At any rate, the National Institute on Drug Abuse (NIDA) has graphs swinging upwards for deaths due to overdoses. (From 2002 to 2015, for example, the heroin graph shows a drastically steep climb of fatalities...)
For his bugaboos, David got help, aside from his wife, from none other than Tom Watson. He had solid companions, in part due to his public persona and in part due to his likability. David’s been sober for 12 years. It’s a shame that whatever help might have been offered and might have been accepted by Shey wasn’t enough to get him clean, on the right track.
Shey wasn’t a loser. He wasn’t a total outsider from society. He was, in fact, entrepreneurial and had his own consulting company named the Sheyco Group. It dealt with data and statistics and would summarize same to make sense for clients. Earlier, he and Christopher Crawford of the Marine Corps had formed an outfit called Sports Concie that specialized in “corporate solutions.” And prior to that he had worked for a Trucking company.
So where will David Feherty go from here?
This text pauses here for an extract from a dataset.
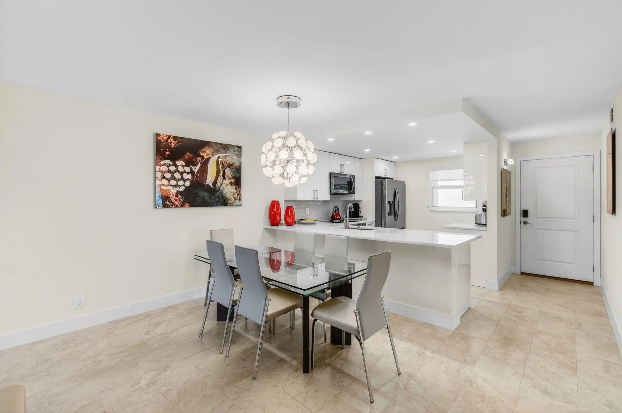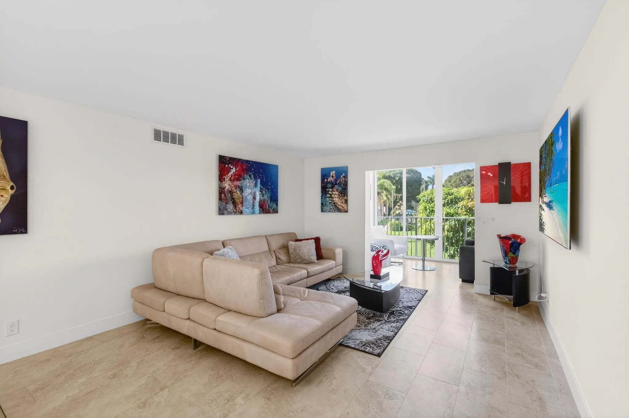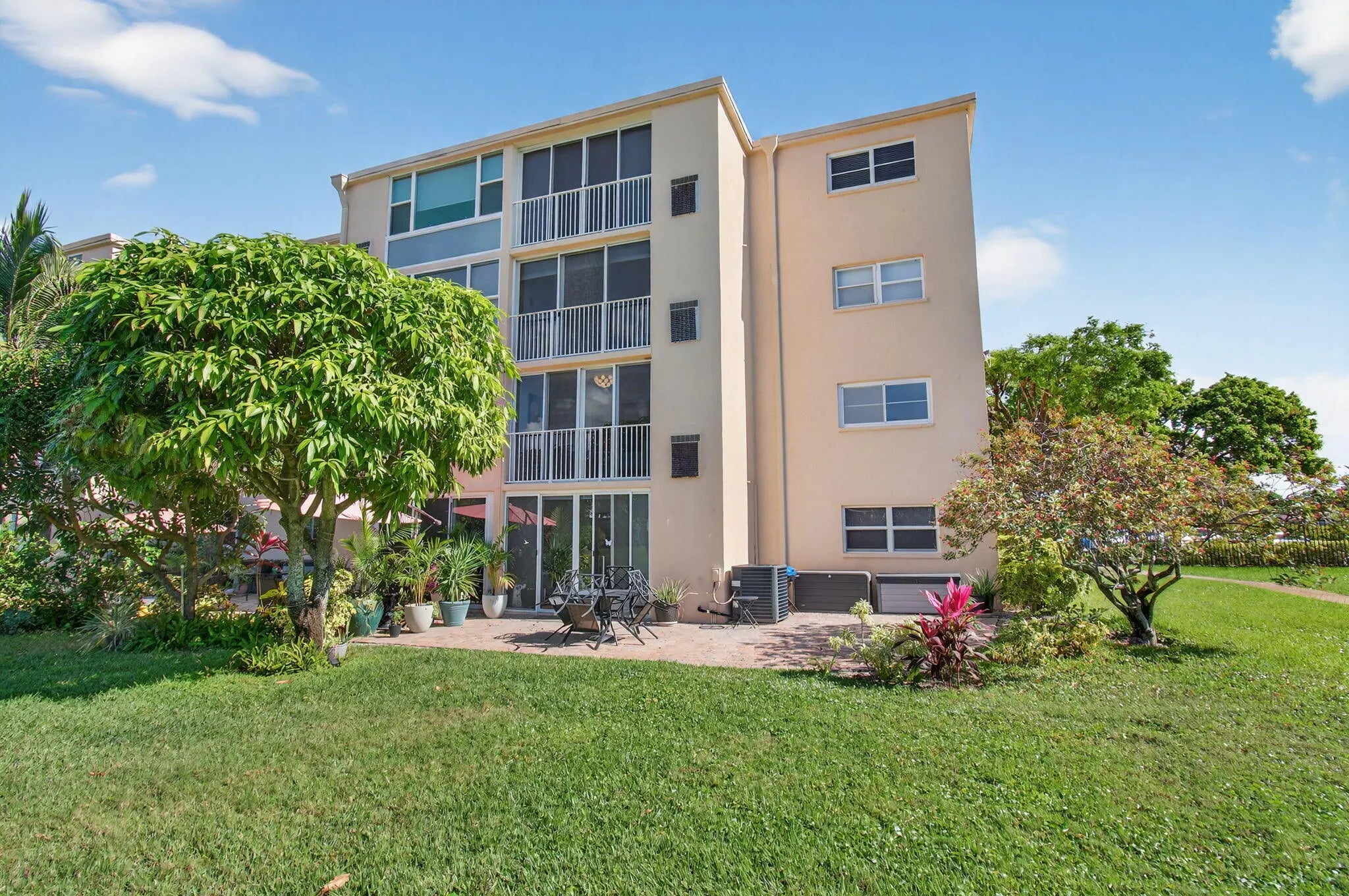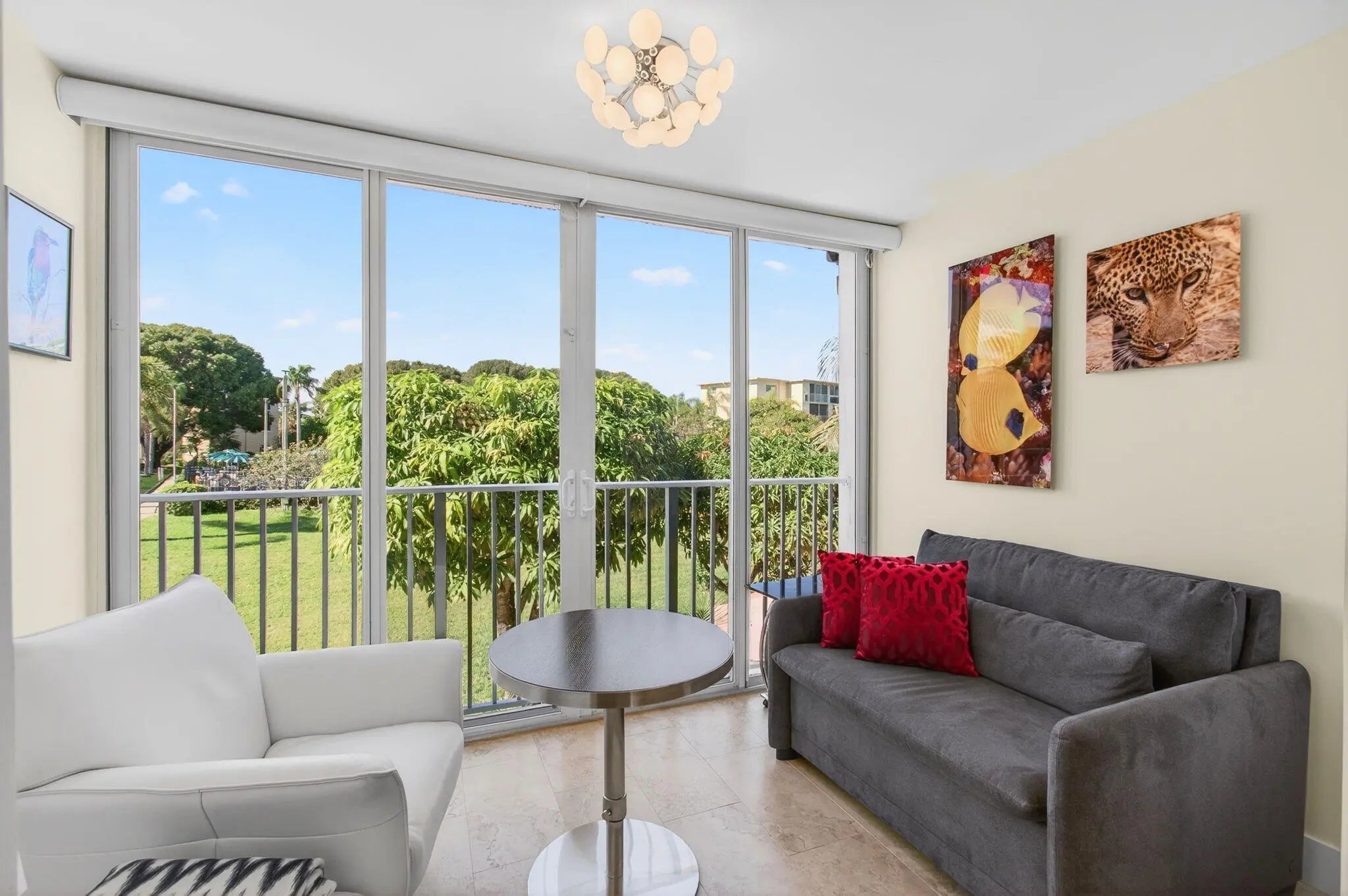 Welcome to this beautifully updated 2-bedroom, 2-bath corner residence in the desirable Village Royale on the Green. This exceptionally bright corner unit has been freshly painted and features full impact windows, light grey tile flooring throughout, and abundant natural light. The open living and dining areas lead to a screened patio with community and pool views, ideally located just steps from the satellite fitness center and pool. Select furnishings may be negotiable. Village Royale on the Green is a well-maintained 55+ community offering two swimming pools, fitness center, tennis courts, shuffleboard, bocce, clubhouse amenities, BBQ areas, and security patrol. Conveniently located in East Boynton Beach, close to shopping, dining, and just 5 minutes to the beach.
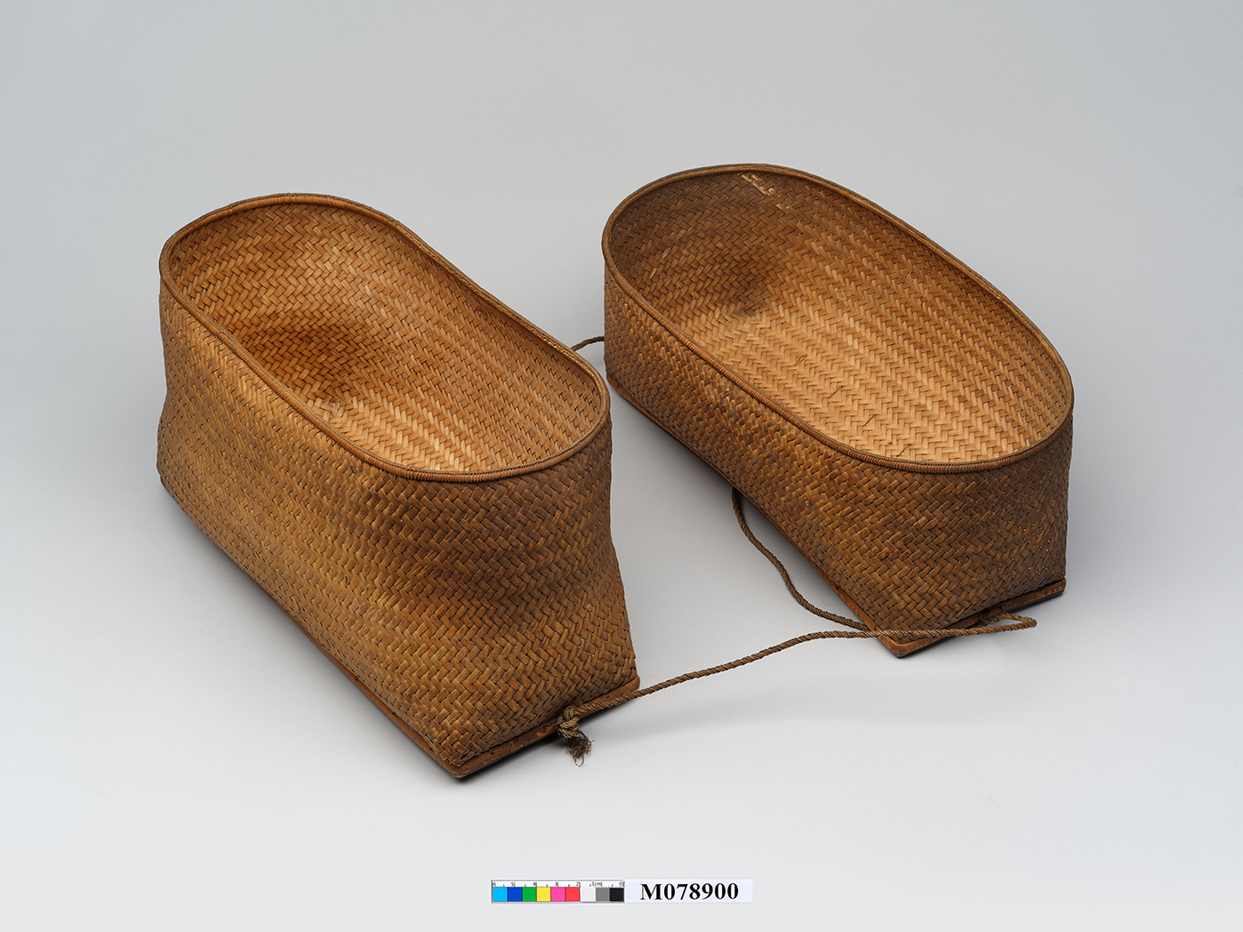 本件為中型籐編籃且有提繩之設置,可於外出工作或狩獵時攜帶,放置食物作為便當盒,亦可固定放置於屋內做為儲物容器。

Will Feherty become a victim? Although he has immediately and thoughtfully asked that donations be made to the Center for Addiction and Recovery Studies in Dallas, Texas, he will have, now that the funeral is over, the aftermath and, no pun intended, downtime. It would be expected and understandable for him to step back from the limelight, perhaps to draw nearer to his 4 surviving kids. No doubt, unwittingly or otherwise, some harsh self-judgment and guilt will inflict themselves upon the eminently affable Feherty.
This would be a shame because, despite his tender age, Shey was an adult and was responsible for his own actions. Parents, no matter how well meaning and caring, and well off, can only do so much...It’s also sad that Shey couldn’t have learned more from his father’s willingness to take certain drugs to stem his mental afflictions. At one point Feherty admits he was taking 14 pills per day to help ward off his demons. (He also says that the act of playing golf, because it takes up so much time (especially for us average players) - is a great aid in solving the problem of too much spare time on one’s hands – time to get into trouble with intoxicants.
One never knows with life. It’s too short, with opportunities missed and advantages wasted – and these are but a few sad characteristics prevalent that are far too prevalent for many of us – who don’t suffer from addictions. We - all of us - are usually our own worst enemy. Most of our faults can be laid at our own doorstep. We’re so ashamed, or so proud, we don’t seek help. And again
- many of us -
need to “grow up” despite our having crossed the threshold of the 30’s decades ago. More than a few of us keep repeating the same old, same old, mistakes over and over - and over - again...to what end? Then, to add drugs or alcohol into this? Geez, No wonder so many of us, like Shey Feherty, depart far too early.